Although support has been received from many sources during these investigations, the author is mainly indebted to the National Science Foundation for its continuous financial help (DMR-8920826 and DMR-0243314).
JOSEPH P. KENNEDY
Joseph P. Kennedy started his university career in his native city, Budapest. Just before graduating from the university, he was removed by the communist administration because of his bourgeois origin. He escaped to Vienna, where he received his Ph.D. in biochemistry in 1954, and subsequently he did postdoctoral work in Paris and Montreal (1954–1957). He came to the United States in 1957 and became an industrial polymer researcher, first with Celanese and then with Exxon. In 1961, he received an M.B.A. at Rutgers. He resumed his academic career at the University of Akron in 1970, where he is still carrying out research as a Distinguished Professor of Polymer Science and Chemistry. Kennedy's main interest lies in ionic (particularly cationic) polymerizations and, for the last 15 years, in designed biomaterials. He has written three books and almost 700 publications and has over 90 issued U.S. patents, some of them in commercial production.

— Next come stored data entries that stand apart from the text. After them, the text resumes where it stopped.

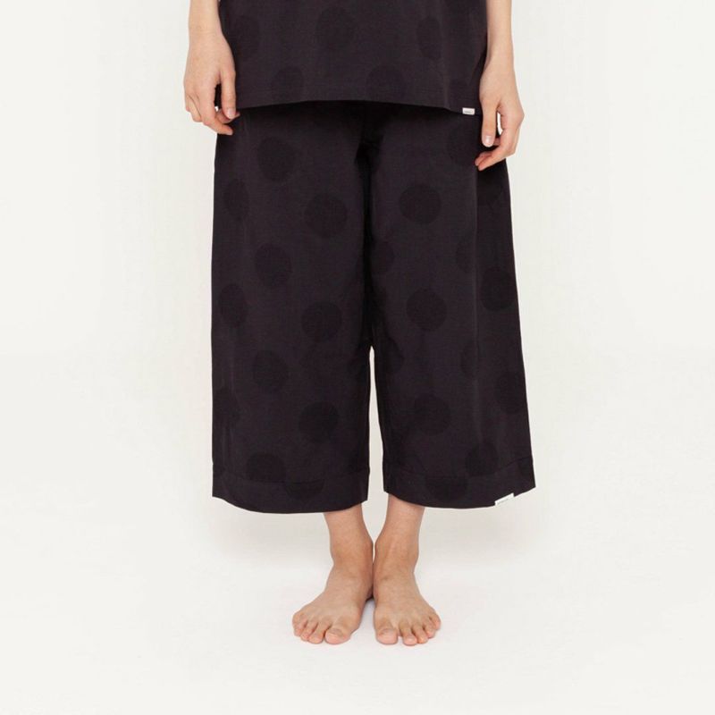 上着は首周り、肩幅・身幅・アームホールは広くとってあるので、体型を選ばすゆったりと着られます。パンツはワイドなシルエットの8分丈。リラックスしたお部屋着として、涼しげな素材は外出時でも快適にすごしていただけます。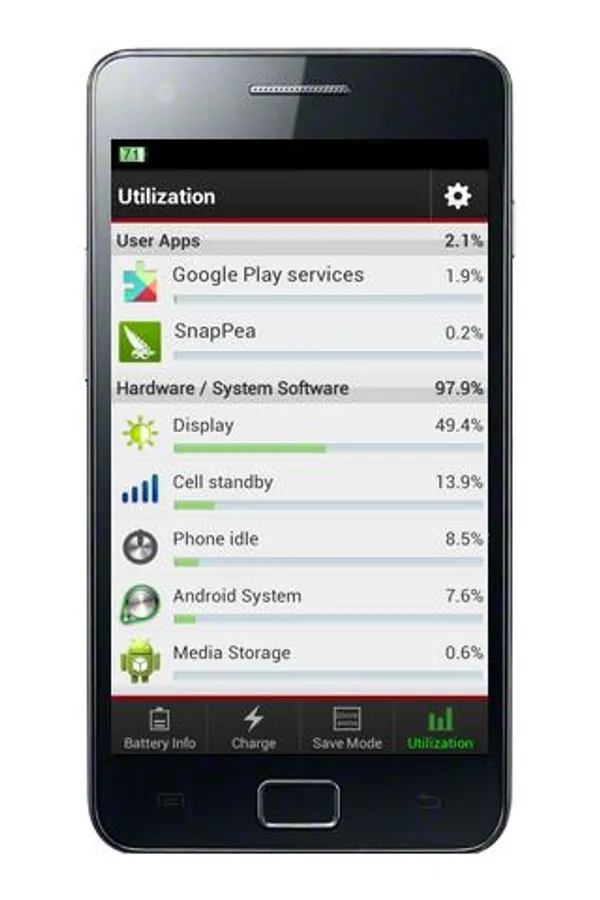 * Utilization Stats- At-a-glance statistics tell you which apps and features are drawing the most power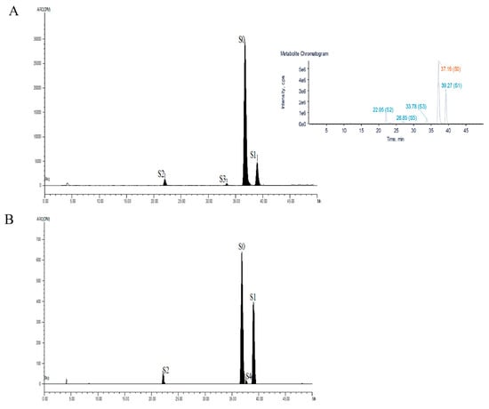 Radiochromatogram and total EIC of SMZ and its metabolites in the feces of chickens at 0–0.5 d (A) and 0.5–1 d after administration of [3H]-SMZ (B). S0, sulfamethoxazole; S1, N4-acetyl-sulfamethoxazole; S2, 5-hydroxysulfamethoxazole; S3, N4-hydroxysulfameth-oxazole; S4, N4-sulfatesulfamethoxazole; S5, N4-glucuronidsulfamethoxazole.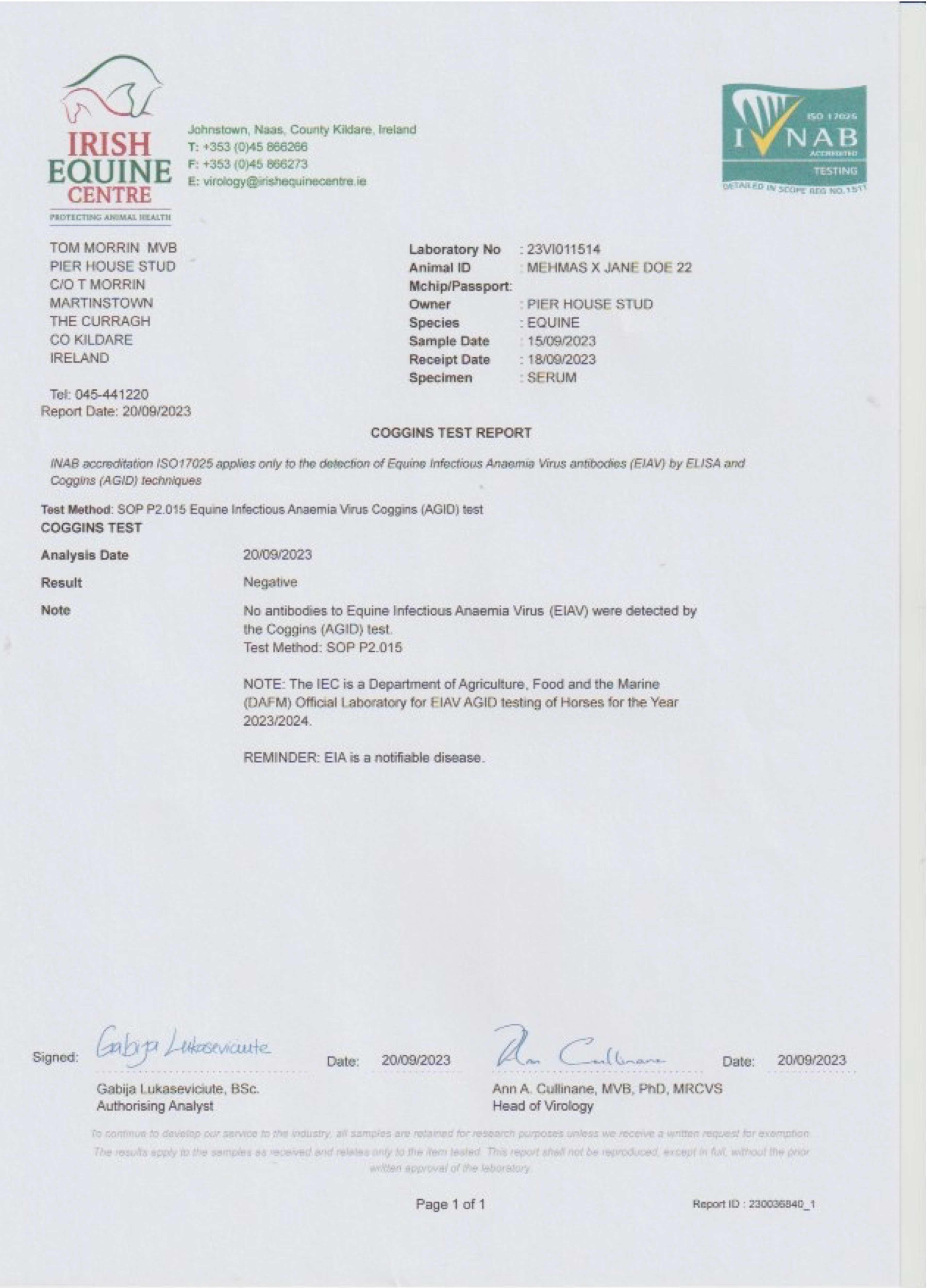 Consignor: Pier House Stud, Ireland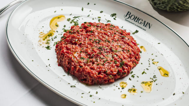 - O tradicional, cortado à faca servido com salada verde e batatas fritas/ The traditional hand-cut beef tartare served with green salad and French fries.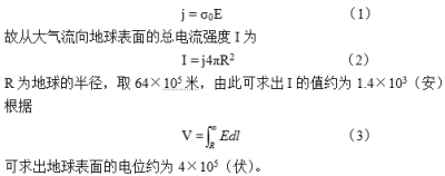 很多人都不清楚,地球也是一個帶電體。根據實驗測試,在地球表面存在一個垂直向下的穩定電場,電場強度E約為100伏/米,場強的大小隨高度的增加而減弱。另外,根據實驗測試,在地面附近大氣的電導率σ0約為3×10-14西蒙/米,且隨高度的增加而增加。由此可知地球表面的電流密度j的方向指向地心,大小為:

He has received many awards, including the two premier international polymer awards of the American Chemical Society (Polymer Chemistry and Applied Polymer Science). For obvious reasons, he derives his greatest satisfaction from the honorary doctorate awarded by the best science university in Hungary (1989) and by his election as a member of the Hungarian Academy of Sciences (1993).